Producing and hosting XigmaNAS costs money. Please consider donating for our project so that we can continue to offer you the best.
We need your support! eg: PAYPAL

ZFS, drive disconnects/re-attach while live

Forum rules
Set-Up GuideFAQsForum Rules
Post Reply
BloodyIron
NewUser
NewUser
Posts: 3
Joined: 04 Feb 2013 06:15
Status: Offline

ZFS, drive disconnects/re-attach while live

#1

Post by BloodyIron » 04 Feb 2013 06:21

I'm trying to figure out how to recover from disaster scenarios while the system stays live, as in without rebooting. Rebooting seems to resolve all my issues, but I want to run VMs on my storage array so rebooting really isn't acceptable.

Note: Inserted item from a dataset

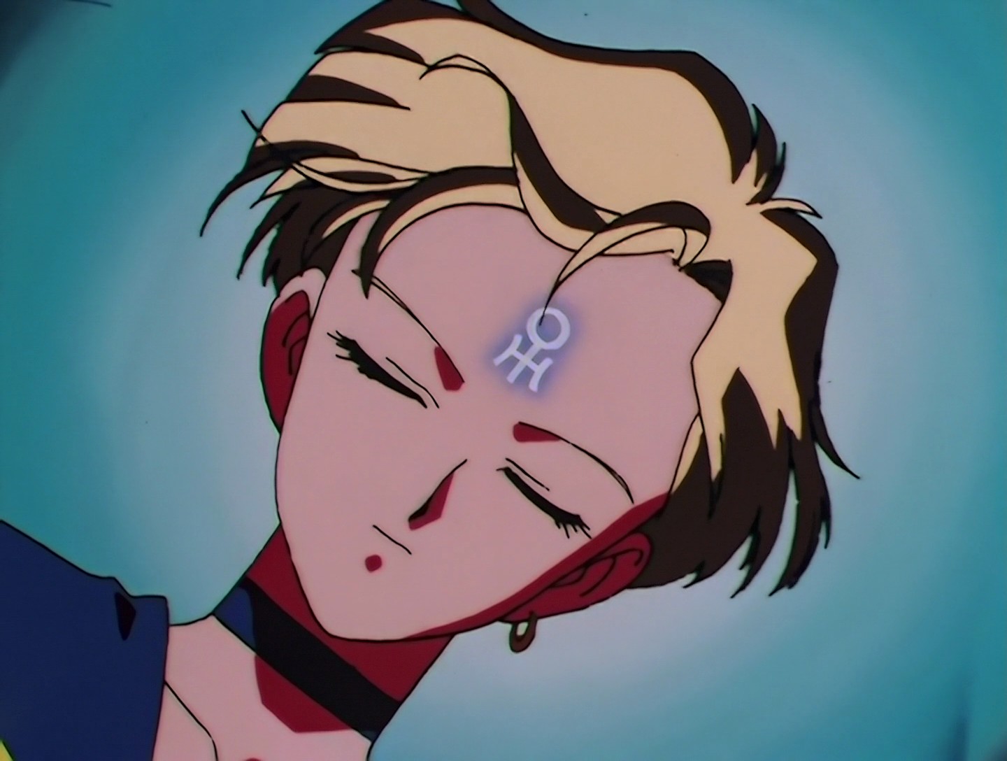 Makoto und Bunny machen einen Stadtbummel. Dabei werden sie fast von Haruka über den Haufen gefahren. Haruka tut es sehr leid. Mit ihrem Halstuch verbindet sie Makoto, die sich daraufhin in Haruka verknallt. Später verliert sie das Tuch und ein Daimon schlüpft hinein. Er greift an, wird aber von Sailor Moon erst mal vertrieben. Haruka und Michiru machen dann mit Makoto einen Ausflug, denn sie haben gesehen, dass Makoto das neue Ziel ist. An der Uferpromenade greift der Daimon erneut an, raubt Makoto den Herzkristall und schleudert Haruka und Michiru ins Gebüsch. Dort können sie sich unbemerkt verwandeln. Die Senshi tauchen auf und besiegen den Daimon, aber Neptun und Uranus geben den Herzkristall erst zurück, nachdem sie festgestellt haben, dass kein Talisman drin ist. Das macht Sailor Jupiter so wütend, dass sie Uranus angreift, allerdings ohne Erfolg. |

One of my scenarios is when a drive just loses connection, say something's wrong with the port, or it gets accidentally pulled out. I've tried several ways to re-add a drive to a Z1 pool while live, and so far no luck. I am not sure what the proper procedure is when it's a drive that isn't new, it was one that was part of the array. I keep finding instructions for replacing a _bad_ drive with a new one, not a disconnected one.

So, what is the proper method I should be following?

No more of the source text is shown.